Going to church doesn’t make you a Christian any more than going into my garage every day makes me a car.
Jesus says: “Not everyone who says to me, ‘Lord, Lord,’ will enter the kingdom of heaven, but only the one who does the will of my Father who is in heaven. Many will say to me on that day, ‘Lord, Lord, did we not prophesy in your name and in your name drive out demons and in your name perform many miracles?’ Then I will tell them plainly, ‘I never knew you. Away from me, you evildoers!’” (Matthew 7:21–23).
This is one of the most terrifying passages in Scripture. These are not unbelievers. These aren’t skeptics. These are people who did ministry in Jesus’ name. Prophesied. Cast out demons. Performed miracles. And he says, “I never knew you.”
Salvation is not about works-righteousness. You don’t earn your way into the kingdom by doing enough Christian things. A dancer who practices every day but has no love for the art is just going through motions. A Christian who does all the right things but has no love for Christ is doing the same.
Works still matter, because they flow from a repentant heart. If you’ve truly met Jesus and you’ve been forgiven, rescued, and made new, then your life will look different. Not because you’re trying to earn something, but because you’ve been given something. You want to pass that gift on to as many people as you can. You forgive because you’ve been forgiven. You love because you’ve been loved. You pursue holiness because nothing else satisfies.

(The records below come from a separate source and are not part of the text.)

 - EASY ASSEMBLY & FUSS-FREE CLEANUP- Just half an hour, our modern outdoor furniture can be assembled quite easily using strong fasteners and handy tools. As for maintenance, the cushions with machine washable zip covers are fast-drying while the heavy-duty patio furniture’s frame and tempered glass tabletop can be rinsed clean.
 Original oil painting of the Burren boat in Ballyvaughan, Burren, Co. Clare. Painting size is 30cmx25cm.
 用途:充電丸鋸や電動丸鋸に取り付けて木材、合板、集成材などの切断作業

A dancer dances because they love to dance. A Christian follows Jesus because they love Jesus. If there’s no practice, no pursuit, no change, then maybe you’ve not actually met him yet. Maybe you just know about him.

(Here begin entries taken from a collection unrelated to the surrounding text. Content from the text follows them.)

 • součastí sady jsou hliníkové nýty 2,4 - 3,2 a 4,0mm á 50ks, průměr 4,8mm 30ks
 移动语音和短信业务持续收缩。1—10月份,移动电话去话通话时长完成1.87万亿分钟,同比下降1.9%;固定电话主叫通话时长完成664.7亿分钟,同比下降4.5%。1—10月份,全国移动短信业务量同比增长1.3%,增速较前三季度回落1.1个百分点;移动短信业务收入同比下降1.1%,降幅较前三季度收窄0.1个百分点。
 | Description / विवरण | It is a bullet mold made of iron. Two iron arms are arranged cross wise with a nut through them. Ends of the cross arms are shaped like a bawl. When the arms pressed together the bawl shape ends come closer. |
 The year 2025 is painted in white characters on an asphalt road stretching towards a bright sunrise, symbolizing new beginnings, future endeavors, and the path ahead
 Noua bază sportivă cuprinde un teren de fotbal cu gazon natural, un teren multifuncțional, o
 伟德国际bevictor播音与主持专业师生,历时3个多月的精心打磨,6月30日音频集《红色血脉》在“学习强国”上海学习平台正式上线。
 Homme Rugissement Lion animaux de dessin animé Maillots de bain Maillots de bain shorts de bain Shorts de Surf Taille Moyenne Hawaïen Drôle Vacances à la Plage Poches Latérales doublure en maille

If you know him, your life looks different. Not perfect. Not sinless. But different. Genuine believers can still struggle deeply and look inconsistent, but its not a comparison to anyone else, but a comparison between where we are now and where we were before.
If you’re sitting in the pew with the same bitterness, the same unrepentant patterns, the same refusal to forgive, the same secret life you’ve been hiding for years, then the answer isn’t to give up, it’s to start. As Paul says in Philippians 2:12, “continue to work out your salvation with fear and trembling.”

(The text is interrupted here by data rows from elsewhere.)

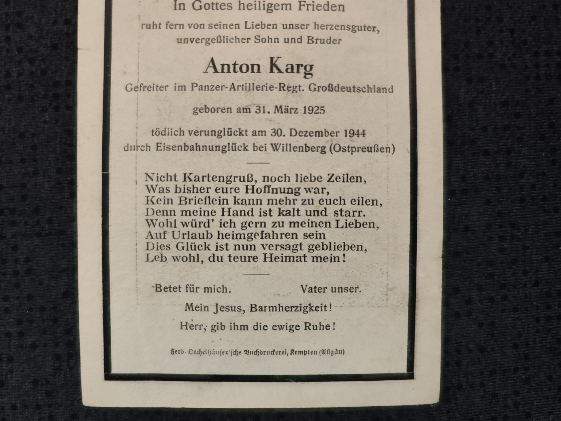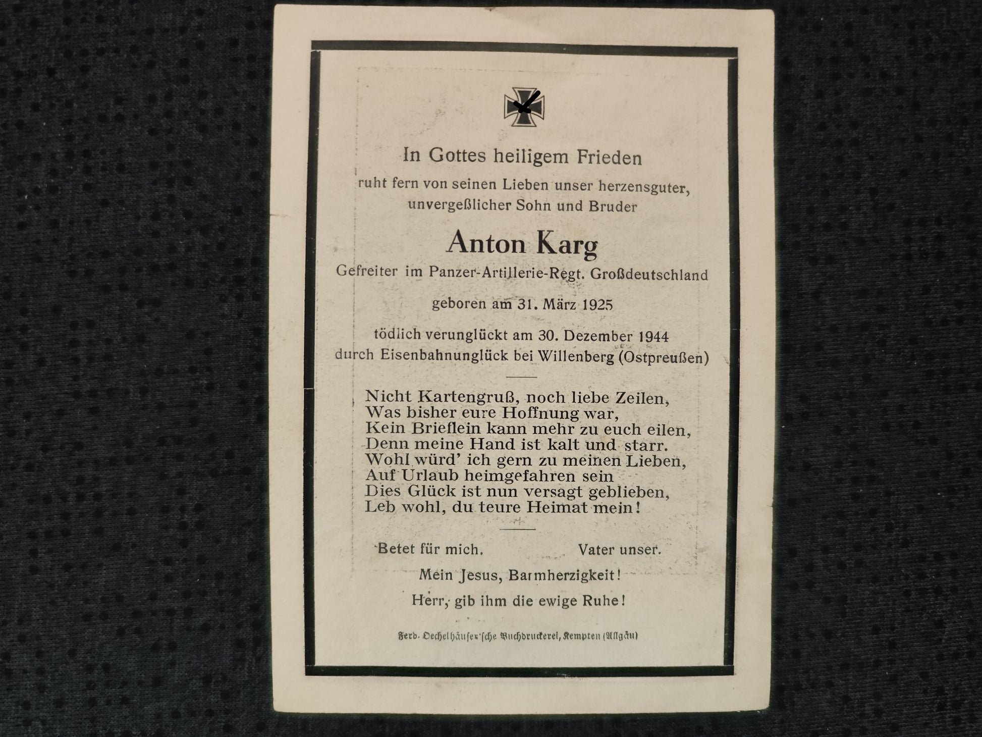 Sterbebild Gefreiter Leiterberg Panzer Artillerie Regt. "Großdeutschland" Willenberg Ostpreußen Polen
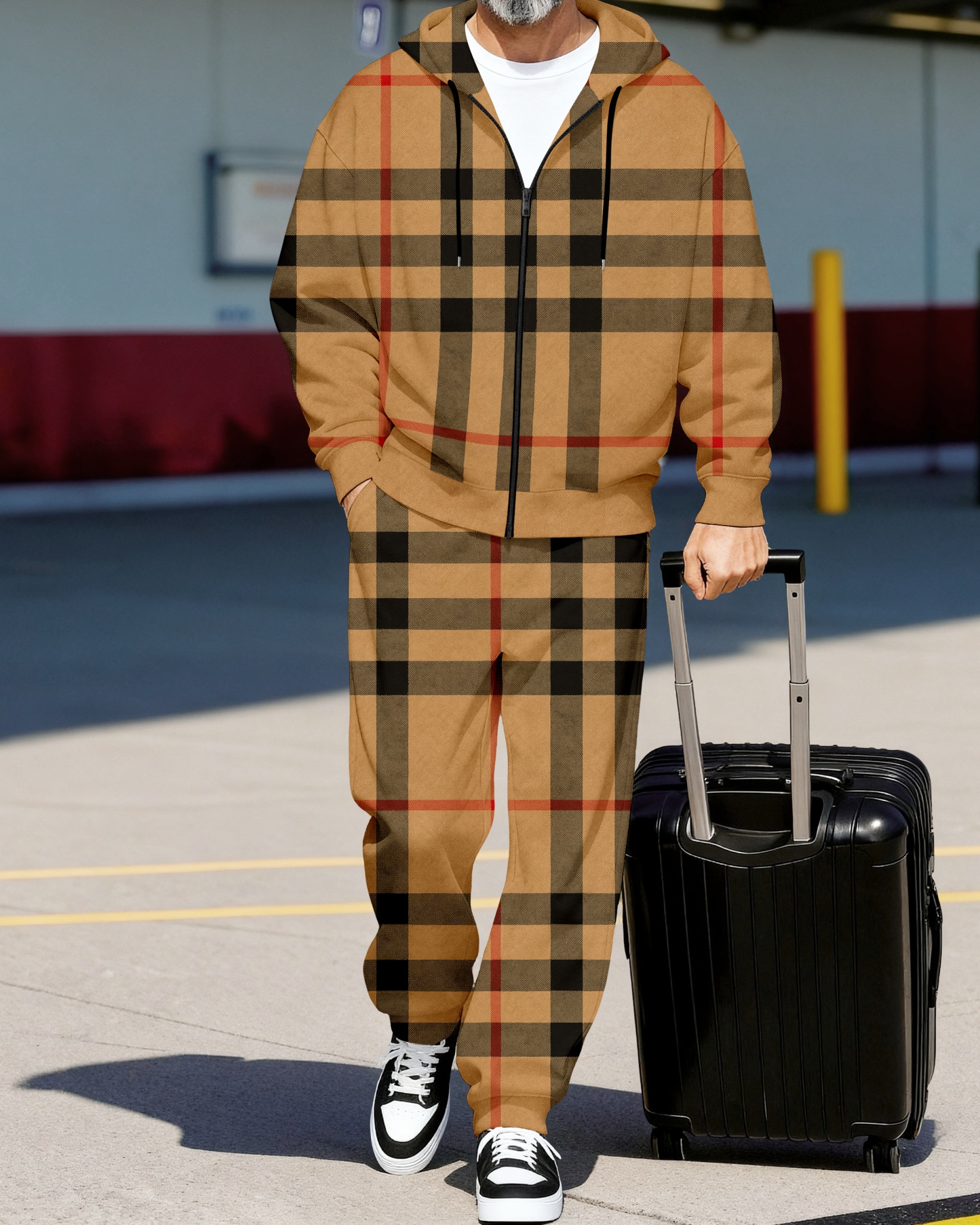 Men's Retro Luxury Thickened Fleece Colorblock Jacket Sports Hoodie Set 06
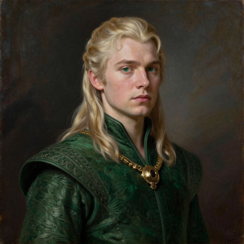 Astrobiology Royal, noble, king, prince, emporer, medieval, green clothing, green eyes, blond hair, man, white skin, 20 year old, oil painting, portrait, game of thrones, house of the dragon,

This isn’t meant to frighten you. It’s meant to help awaken your desire to walk with God. The gospel is not “try harder and maybe God will accept you.” The gospel is “you can’t, so he did.” Grace changes you. If you’ve been forgiven much, you love much. If you’ve been rescued, you live like someone who’s been rescued. And if nothing has changed, then it’s fair to question how well you know Him.
The good news is it’s not too late. If you’re reading this and you realize you’ve been playing Christian more than being Christian, that realization is grace. Let the Holy Spirit start pulling back the curtain. The same God who said “I never knew you” to the pretenders is the God who says “Come to me, all who are weary and burdened, and I will give you rest” to the ones who stop pretending.
If you’ve never met him, now is the time. If you’ve been pretending, stop. Meet Jesus and let him change your life.